__Source data__.

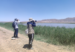 在青铜峡库区湿地保护建设管理局自然保护科曹学东科长的带领下,师生们首先进入保护区实地进行了湿地动物种类的识别与采集工作。实习指导教师结合观察到的保护区生境特点、鸟类及其他动植物种类,向同学们详尽介绍了保护区的鸟类多样性、动植物与环境的关系,将理论与实践相结合,以浅显易懂的方式引导学生们巩固课堂所学的动物学知识。
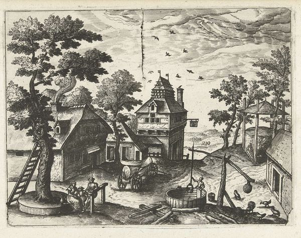 Curator: Welcome. Before us is “Oktober,” a print made by Julius Goltzius sometime between 1560 and 1595. It currently resides in the Rijksmuseum. Editor: My first impression is how serene the scene is, even though it's brimming with activity. The artist manages to create such a peaceful, rustic atmosphere, even in monochrome. Curator: Indeed. Goltzius expertly uses line to define form and texture. Notice how varied the hatching and cross-hatching is; this creates depth and a subtle tonal range despite the work's limited palette. This piece also reveals his ability to organize and formalize everyday settings. The composition, almost rigidly structured, is balanced to achieve symmetry, yet the depiction of reality provides a captivating narrative. Editor: I find this narrative particularly interesting when viewed through a class lens. There's labor here, quite obviously, but it's presented without critique or commentary. The wine-making seems idyllic, which of course obscures the backbreaking nature of the work for many people. Are we romanticizing exploitation through this depiction? I find this ambiguity rather complicated, the figures blend into their surroundings creating a collective almost dreamlike feel to labor. Curator: Your reading certainly complicates a straightforward interpretation, but the linear precision lends the artwork a heightened sense of clarity and order, reflecting the Renaissance humanist pursuit of understanding and codifying the world. The engraving displays remarkable detail in the costumes, the architecture, and even the flight of birds in the sky. Editor: Precisely, but consider who this clarity serves. The art becomes a tool for control, setting an artificial boundary of normalcy, creating division and bias that continues even to today. While you look closely to the engraving technical ingenuity, the class consciousness within asks hard and perhaps inconvenient questions. The engraving presents an interpretation for labor—the beauty or ugliness and its perception of labor and place. Curator: A potent observation! On its own, “Oktober” presents viewers with an example of line art as technical mastery and artistic order. Editor: But considered within its context, it encourages crucial dialogues about power, representation, and the persistent relevance of visual rhetoric in shaping social consciousness. It seems rather appropriate this hangs at the Rijksmuseum given its legacy, though many forget art does not offer neutrality.
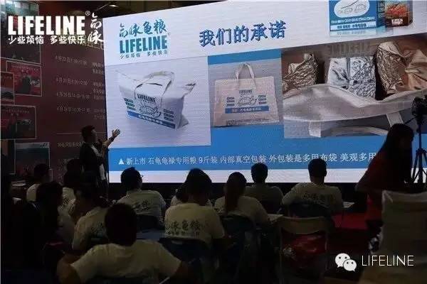 今年4月的顺德大良龟展,LIFELINE团队在经销商大会上发布了2016年的新品:命脉专用粮系列·石龟龟碌粮。
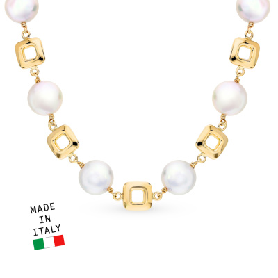 Шейное укр. с 10 жемчугами культивированными; Желтое золото 585 пробы.
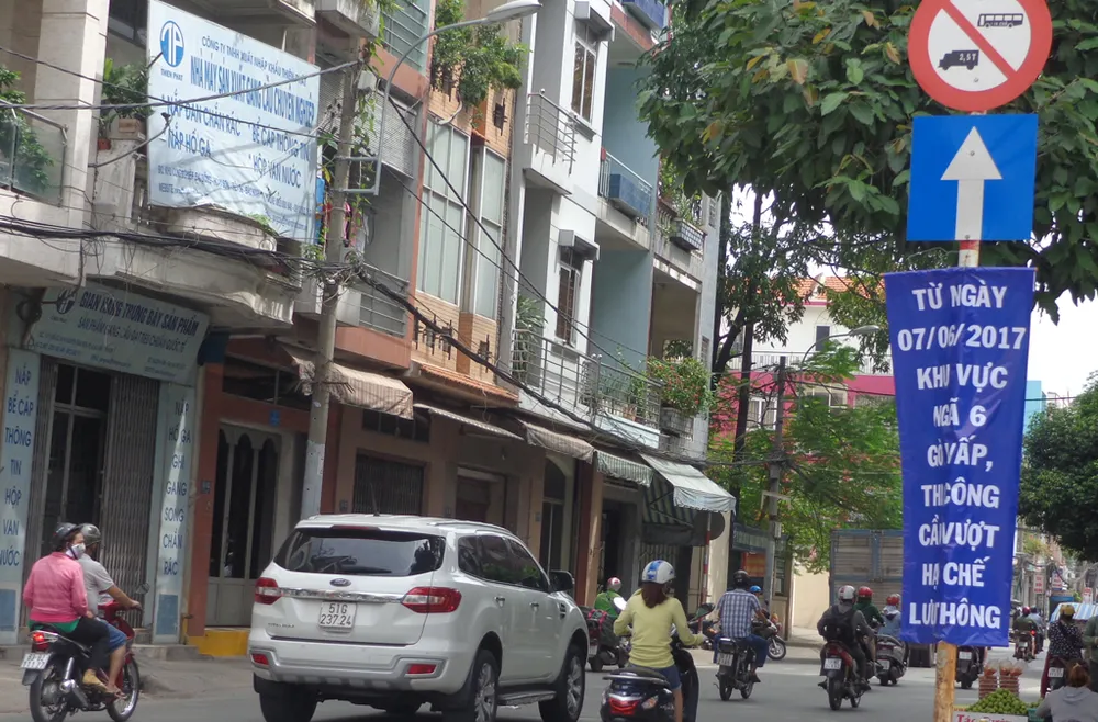 Những ngày qua, tại ngã ba Nguyễn Thái Sơn - Phạm Ngũ Lão đã thấy các băng rôn thông báo cầu vượt ngã sáu Gò Vấp sẽ được thi công trở lại.
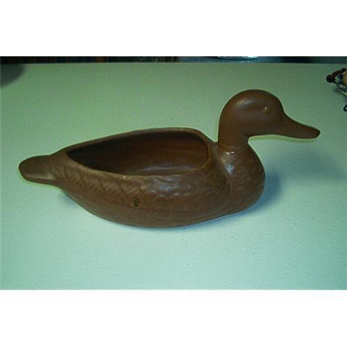 Featuring a Duck Planter. Maker unknown. Bottom base resembles McCoy. This planter measures 14 1/2 inches long from beak to tail. Opening diameter meaures 6 1/2 inche long by 4 inches wide. Basse measures 7 1/2 inches long by 3 1/2 inches wide. Depth measures 2 3/4 inches. Detailed feathers, eyes, and beak. A very nice planter.
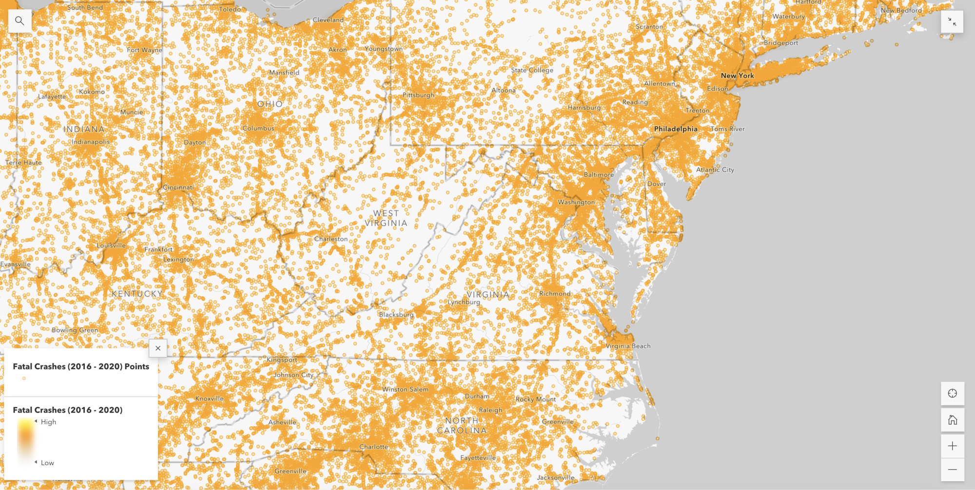 2016年至2022年美国致命车祸的可搜索地图。截图: USDOT“这证明了USDOT确实在确保那些历史上被忽视的地区有机会解决[挑战]方面非常有意图,”NSC的Chung说。
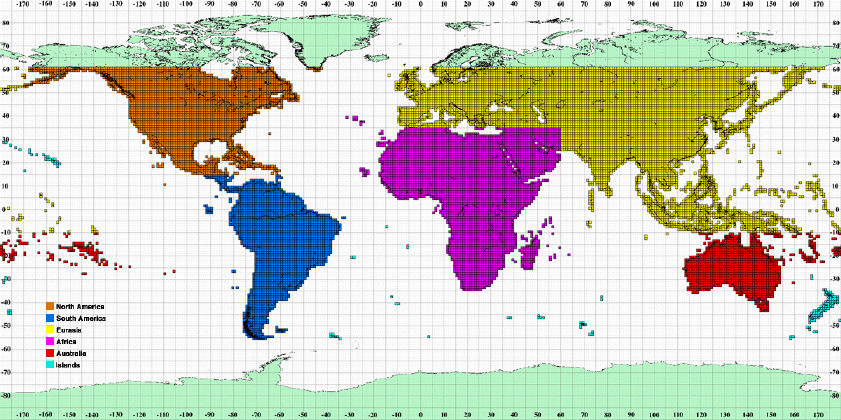 1.USGS3の現在カバー範囲(南北アメリカ・アフリカ・オーストラリアとユーラシア=黄色、他Ilands)
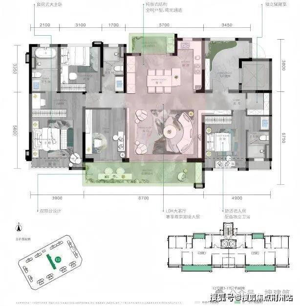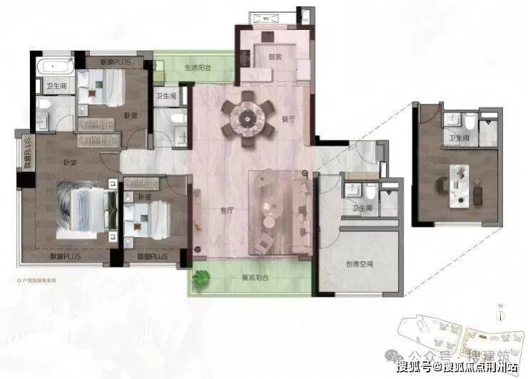 比如西安大明宫金茂府约175㎡户型,可以满足多元家庭的复杂需求。
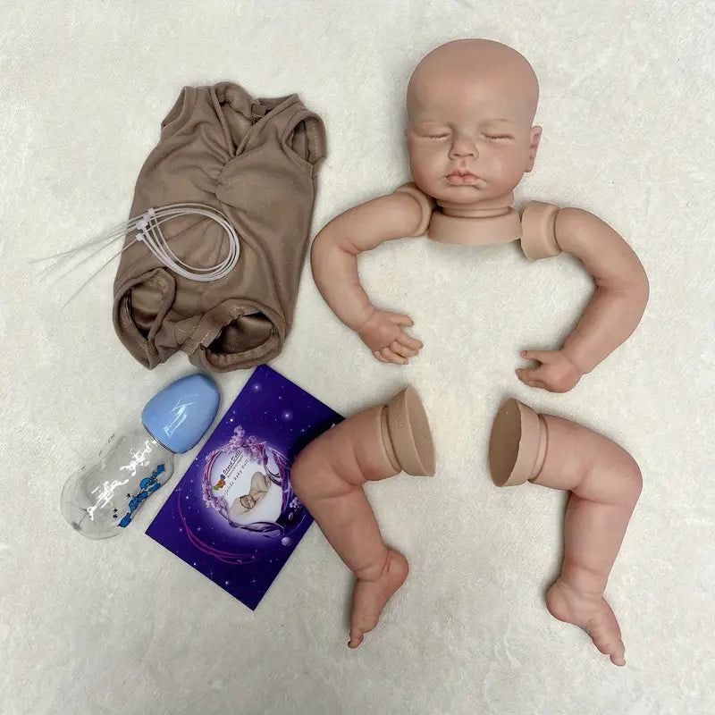 Reborn Kit Size: 20 Inch Weight: Around 1.7kg Eyes: closed eyes Applicable Ages: such as collectors, beginners, adults, parents, girls, boys, the elderly Tips The reborn doll kit comes with a cloth body, no filler, you need to prepare your own filler to fill. The size of this silicone baby kit after reborns is about 20 inches, the exact size depends on each reborn creation. Package Includes 1 x platinum silicone reborn doll kit (head, full arms & full legs) 1 x cloth body with zip ties1 x Blue feeding bottle 1 x Birth Certificate ●The reborn silicone baby doll cannot take magnetic toy pacifier. ●The reborn silicone baby doll doesn't come with any outfits & blankets, waiting for you to dress up! ●Please do not pull hard the doll's fingers, toes and other slender parts to avoid tearing. ●Please do not touch the doll with sharp objects to avoid scratching the doll. ●Please do not let the doll wear dark clothing or touch items containing latex.
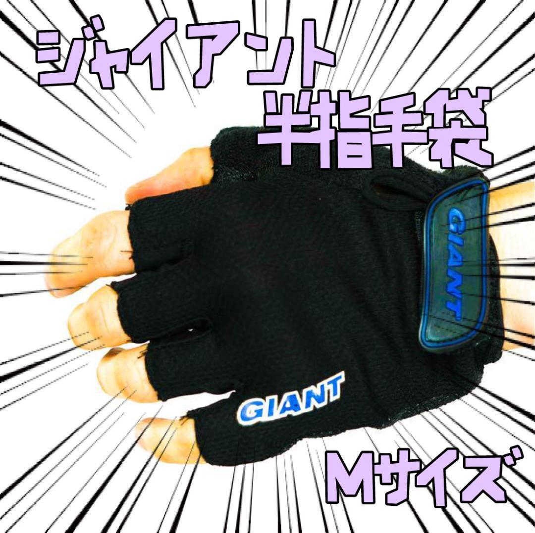 - 手袋 giant ジャイアント M黒青 ブラック 半指 リボン袋付【残3のみ】
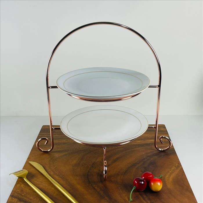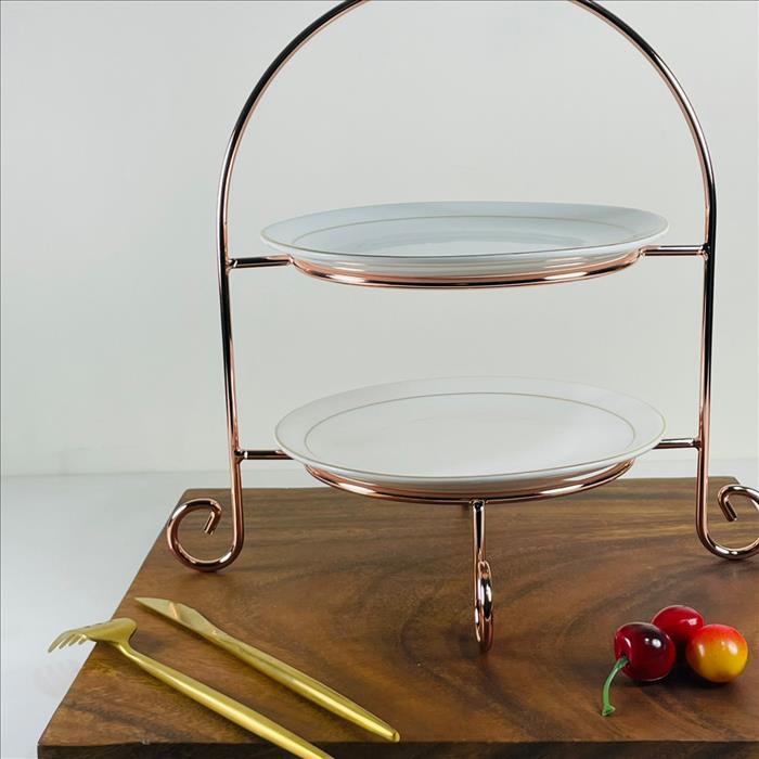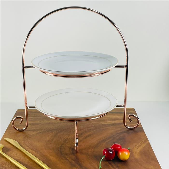 經典二層圓型點心盤架/蛋糕架/點心架/下午茶架/玫瑰金色

__TASK STATEMENT__. Copy the lines above between the one holding "比如西安大明宫金茂府约175㎡户型,可以满足多元家庭的复杂需求。" and the one holding "Reborn Kit Size: 20", inclusive. Drop the pictures.

__OUTPUT FOR THIS TASK__.
 比如西安大明宫金茂府约175㎡户型,可以满足多元家庭的复杂需求。
 Reborn Kit Size: 20 Inch Weight: Around 1.7kg Eyes: closed eyes Applicable Ages: such as collectors, beginners, adults, parents, girls, boys, the elderly Tips The reborn doll kit comes with a cloth body, no filler, you need to prepare your own filler to fill. The size of this silicone baby kit after reborns is about 20 inches, the exact size depends on each reborn creation. Package Includes 1 x platinum silicone reborn doll kit (head, full arms & full legs) 1 x cloth body with zip ties1 x Blue feeding bottle 1 x Birth Certificate ●The reborn silicone baby doll cannot take magnetic toy pacifier. ●The reborn silicone baby doll doesn't come with any outfits & blankets, waiting for you to dress up! ●Please do not pull hard the doll's fingers, toes and other slender parts to avoid tearing. ●Please do not touch the doll with sharp objects to avoid scratching the doll. ●Please do not let the doll wear dark clothing or touch items containing latex.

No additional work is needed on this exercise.